Nearly twenty years ago Todd Whitmore noted a “lacuna” in Catholic social teaching when it came to children and childhood, who are subsumed into teachings on family in general and on the role of women, as mothers, in Church and society.  Children are not considered moral agents with needs and contributions in their own right and that cannot be neatly equated with family life. Children’s distinctive vulnerabilities and interdependence must be recognized and respected.  More recently, Ethna Regan has highlighted the paucity of attention to children in Catholic social teaching documents and the natalism that seems to predominate in the Church’s approach.  Cristina Traina has repeatedly underscored the impoverished view of children’s moral agency and the complex roles and relationships that children have in families and society: as recipients and givers of care, as wage earners, mediators and translators, and even as heads of families.  Too often, concern for children is based on their presumed innocence rather than on their intrinsic human dignity.

 

I might be inclined to be more hopeful about the inclusion of children at Love is Our Mission: The Family Fully Alive, the upcoming World Meeting of Families Congress (WMOF), held every three years since 1994. Prior to the October 2015 Synod, the Church in the United States will host the eighth such Congress in Philadelphia.
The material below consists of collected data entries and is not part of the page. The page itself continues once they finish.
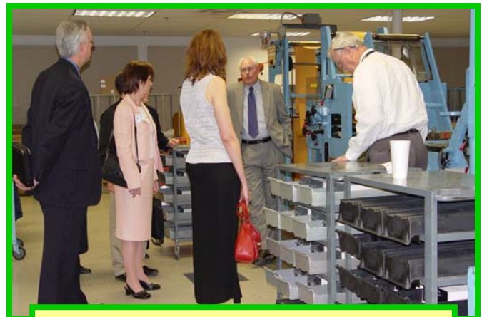
KFC and CCC officials discuss the check disbursement process.
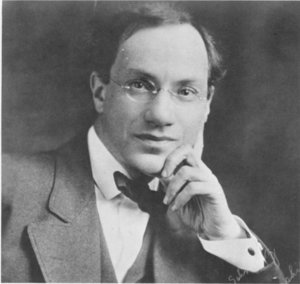
Raphael Zon as director of the Lake States Forest Experiment Station, ca. 1926.
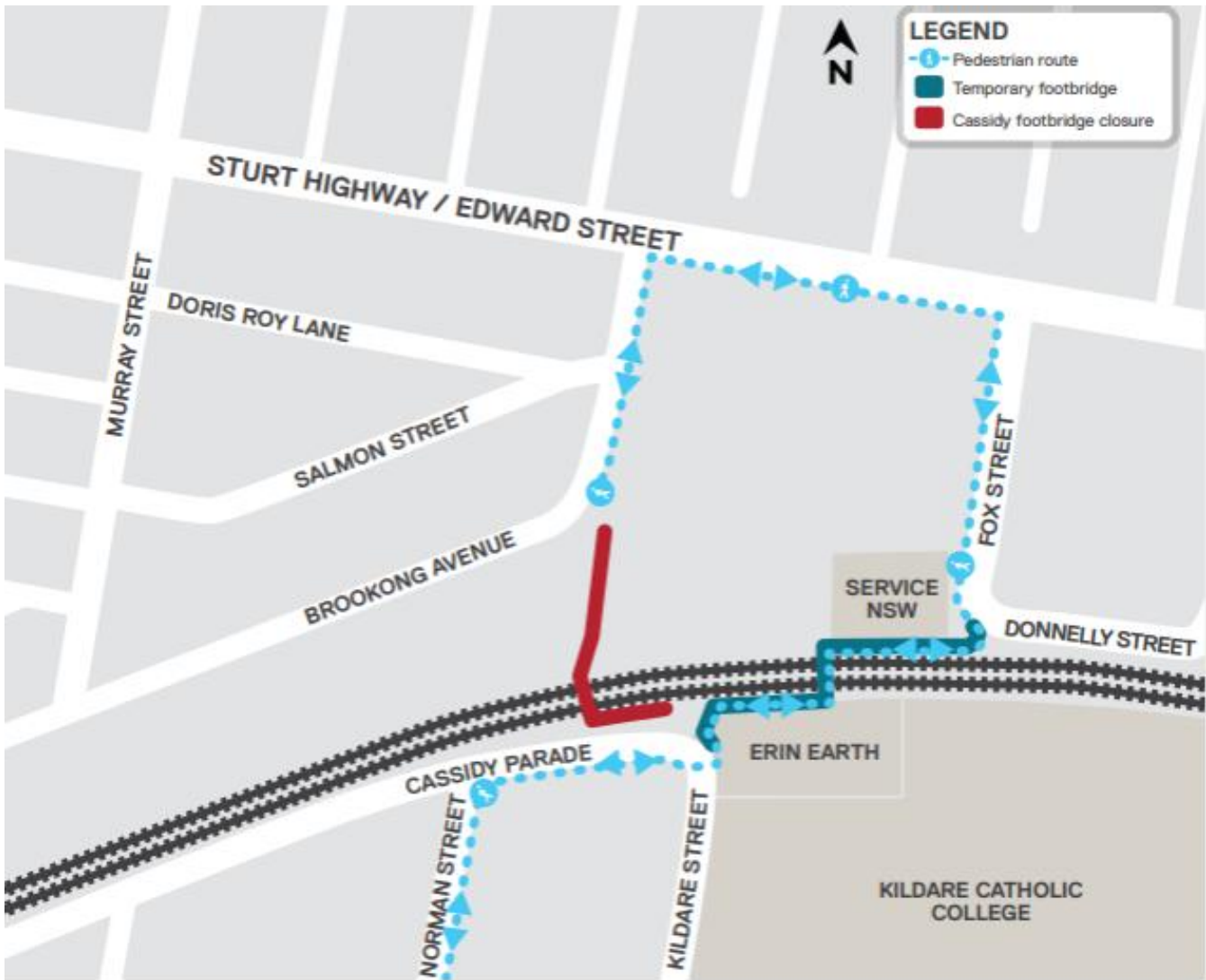
Map: Cassidy Parade Temporary Pedestrian footbridge exit Fox Street

The WMOF website features photos of happy intergenerational families, diverse in ethnic, racial, and national backgrounds. It is clear the whole family is invited, though the welcome that young children and youth receive is tempered by conditions regarding their behavior.   

The adult meeting of plenary speakers and breakout sessions will be held separately from the corresponding Youth Congress, “an interactive congress with all kinds of programming where young people can build, create, play, listen, serve and embrace the Mission of Love that brings Families Fully Alive.”  The youth program offers in preparation of the event a catechism to be used in parishes and schools to help “build excitement” and to bear witness to a vibrant church full of enthusiasm for the teachings on family life. However, the programs for children and young people do not seem oriented toward listening to children’s lived experiences, their questions and contributions. The small portion of the site dedicated to the Youth Congress thus far includes a “Youth Code of Conduct,” with instructions to “project an image of consideration,” to wear modest dress, refrain from inappropriate touching and activity that might cause damage to property, to be aware of “noise levels” in the convention center.  The youth are asked not to bring weapons, do drugs, engage in any form of sexual activity or harassment, or distribute pornography; those who violate the code of conduct may be reported to local authorities or removed. 

For WMOF, children may not be so innocent after all.  The language of the Synod and other documents about children’s innocence and the hope they represent is replaced by suspicion: children need to behave, to be seen and not heard. Their participation is structured around adult desire and fear. 

Alternately, my sister and I wondered together about really listening to our teenage daughters, that is, with love, hope, and concern without imposing adult fears, desires, and judgments.  This kind of listening to our children is critical for honoring their dignity in the present and for their becoming adults.  The Synod and WMOF offer families and the Church unique opportunities for solidarity with children and with all of the joy and pain that being fully alive implies. I hope we will not squander it.